[Exercise] Although the data below holds other lines too, output only those from the line with "微信會員卡包,是微會員體系的" up to and including the line with "ヘコむあだ名 | 『やすお』『やすのぶごとう(笑)』 |", exactly as they appear.

[Material for the task]

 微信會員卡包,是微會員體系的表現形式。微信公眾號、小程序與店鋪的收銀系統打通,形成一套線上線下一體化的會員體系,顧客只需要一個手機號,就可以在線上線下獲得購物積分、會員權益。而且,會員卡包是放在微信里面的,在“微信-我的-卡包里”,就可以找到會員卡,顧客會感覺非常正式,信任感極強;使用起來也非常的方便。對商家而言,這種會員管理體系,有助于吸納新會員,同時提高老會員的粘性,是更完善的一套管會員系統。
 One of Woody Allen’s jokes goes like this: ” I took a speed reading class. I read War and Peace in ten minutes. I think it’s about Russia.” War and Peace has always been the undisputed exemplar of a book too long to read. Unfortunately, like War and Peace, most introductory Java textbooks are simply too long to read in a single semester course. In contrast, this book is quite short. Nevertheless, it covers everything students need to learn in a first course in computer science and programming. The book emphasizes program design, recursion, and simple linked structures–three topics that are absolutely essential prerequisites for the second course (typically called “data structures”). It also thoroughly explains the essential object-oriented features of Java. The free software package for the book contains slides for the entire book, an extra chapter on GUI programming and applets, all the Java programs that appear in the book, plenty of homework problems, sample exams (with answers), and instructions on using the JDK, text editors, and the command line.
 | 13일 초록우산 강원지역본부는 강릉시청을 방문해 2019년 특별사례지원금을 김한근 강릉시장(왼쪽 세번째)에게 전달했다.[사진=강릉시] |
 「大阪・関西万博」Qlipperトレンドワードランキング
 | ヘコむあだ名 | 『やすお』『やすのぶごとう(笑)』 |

* * *

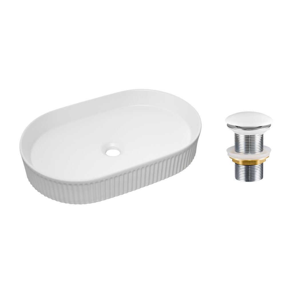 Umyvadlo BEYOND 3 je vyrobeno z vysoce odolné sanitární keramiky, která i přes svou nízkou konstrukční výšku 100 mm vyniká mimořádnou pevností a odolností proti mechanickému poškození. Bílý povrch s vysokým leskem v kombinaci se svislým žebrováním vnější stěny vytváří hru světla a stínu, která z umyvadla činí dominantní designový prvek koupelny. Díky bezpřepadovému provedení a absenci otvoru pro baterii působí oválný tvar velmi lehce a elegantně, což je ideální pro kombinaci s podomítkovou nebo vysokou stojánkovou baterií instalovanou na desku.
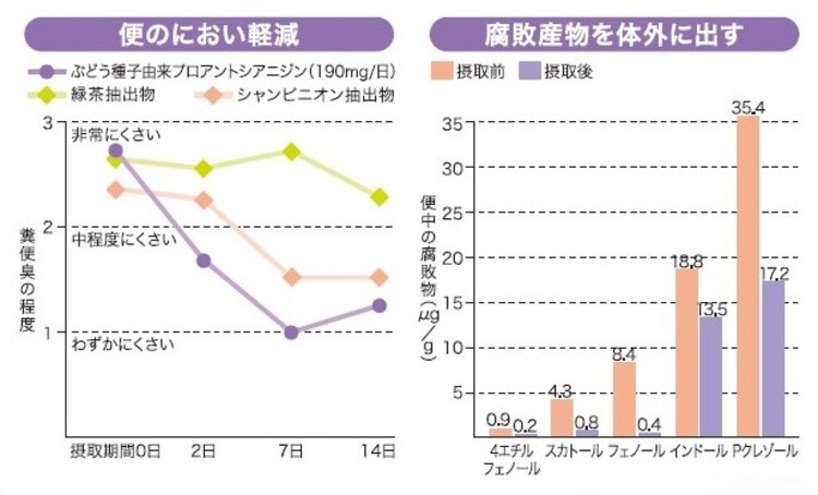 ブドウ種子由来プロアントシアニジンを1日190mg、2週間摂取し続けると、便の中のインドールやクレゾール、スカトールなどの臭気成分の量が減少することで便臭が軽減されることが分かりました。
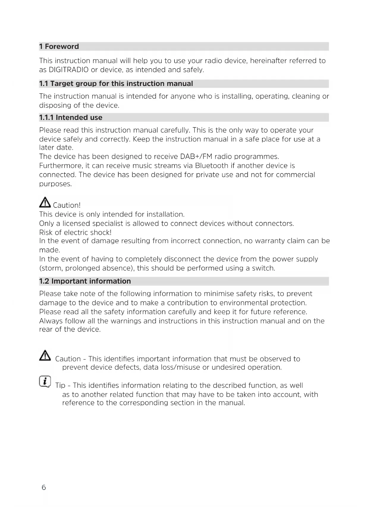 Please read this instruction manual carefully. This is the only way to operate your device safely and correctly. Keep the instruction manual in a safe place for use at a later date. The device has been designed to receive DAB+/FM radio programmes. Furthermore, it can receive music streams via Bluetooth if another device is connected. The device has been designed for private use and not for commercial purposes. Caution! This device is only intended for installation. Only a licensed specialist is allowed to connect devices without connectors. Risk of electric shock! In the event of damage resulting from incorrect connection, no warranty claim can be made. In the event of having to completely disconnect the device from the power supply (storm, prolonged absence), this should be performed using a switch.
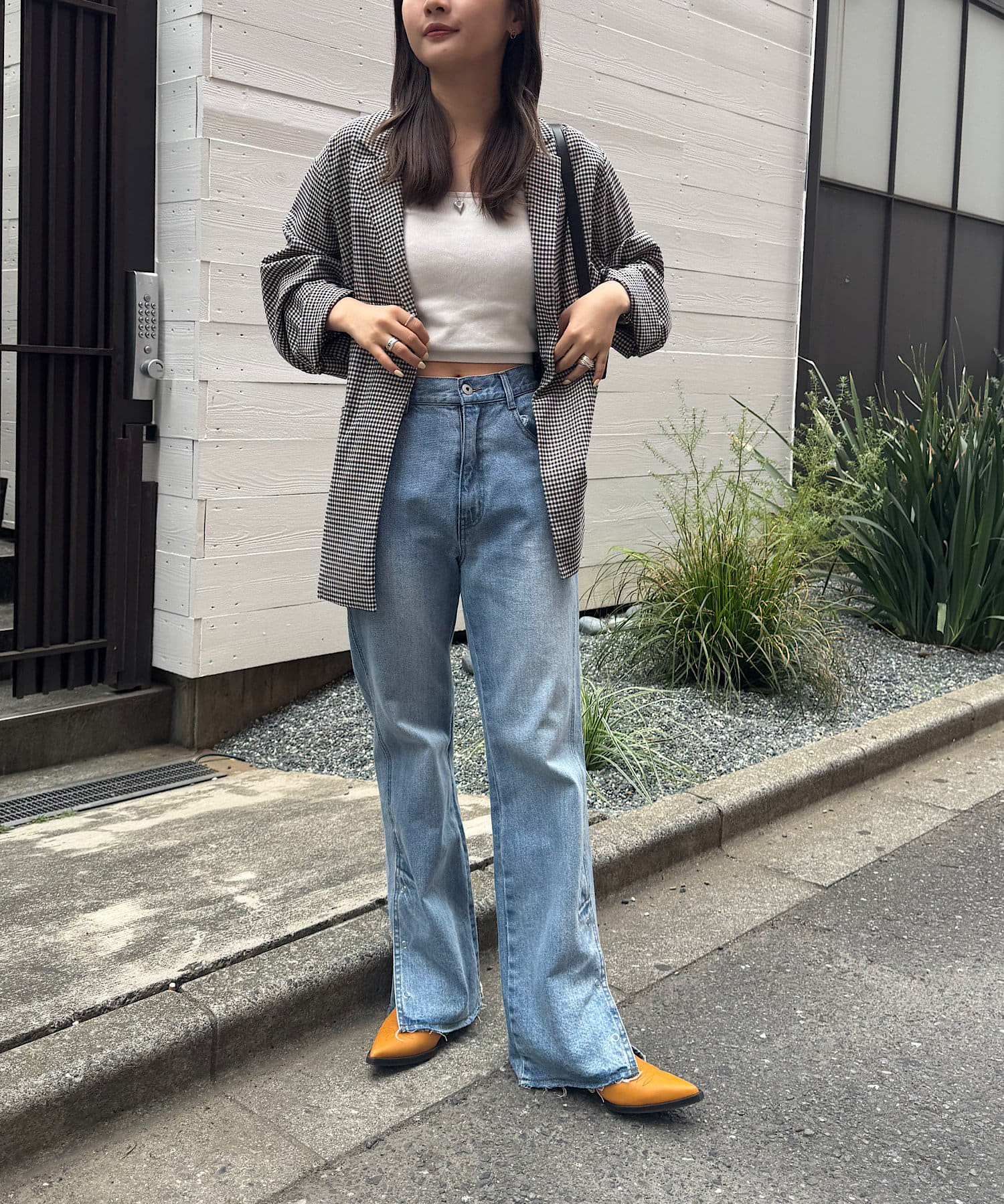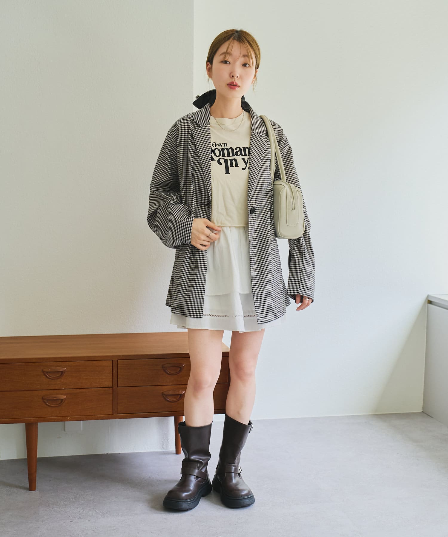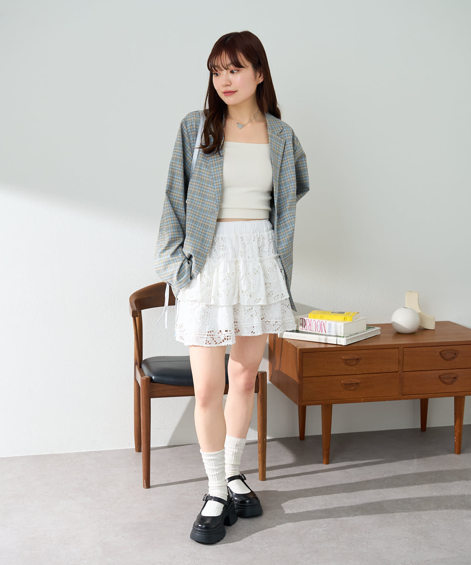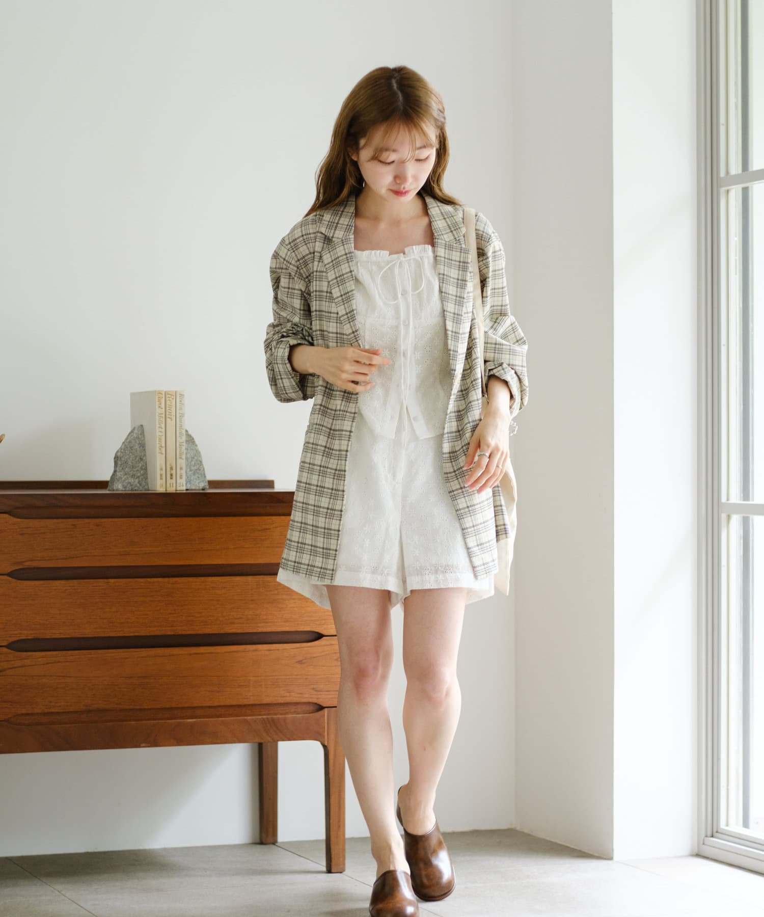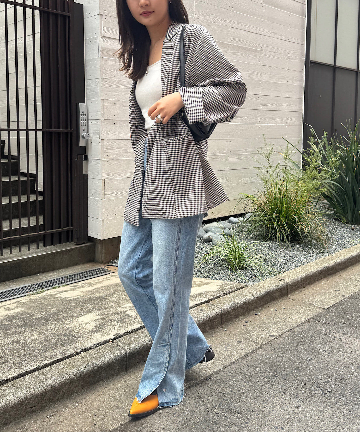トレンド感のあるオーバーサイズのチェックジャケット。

[Response area]
 微信會員卡包,是微會員體系的表現形式。微信公眾號、小程序與店鋪的收銀系統打通,形成一套線上線下一體化的會員體系,顧客只需要一個手機號,就可以在線上線下獲得購物積分、會員權益。而且,會員卡包是放在微信里面的,在“微信-我的-卡包里”,就可以找到會員卡,顧客會感覺非常正式,信任感極強;使用起來也非常的方便。對商家而言,這種會員管理體系,有助于吸納新會員,同時提高老會員的粘性,是更完善的一套管會員系統。
 One of Woody Allen’s jokes goes like this: ” I took a speed reading class. I read War and Peace in ten minutes. I think it’s about Russia.” War and Peace has always been the undisputed exemplar of a book too long to read. Unfortunately, like War and Peace, most introductory Java textbooks are simply too long to read in a single semester course. In contrast, this book is quite short. Nevertheless, it covers everything students need to learn in a first course in computer science and programming. The book emphasizes program design, recursion, and simple linked structures–three topics that are absolutely essential prerequisites for the second course (typically called “data structures”). It also thoroughly explains the essential object-oriented features of Java. The free software package for the book contains slides for the entire book, an extra chapter on GUI programming and applets, all the Java programs that appear in the book, plenty of homework problems, sample exams (with answers), and instructions on using the JDK, text editors, and the command line.
 | 13일 초록우산 강원지역본부는 강릉시청을 방문해 2019년 특별사례지원금을 김한근 강릉시장(왼쪽 세번째)에게 전달했다.[사진=강릉시] |
 「大阪・関西万博」Qlipperトレンドワードランキング
 | ヘコむあだ名 | 『やすお』『やすのぶごとう(笑)』 |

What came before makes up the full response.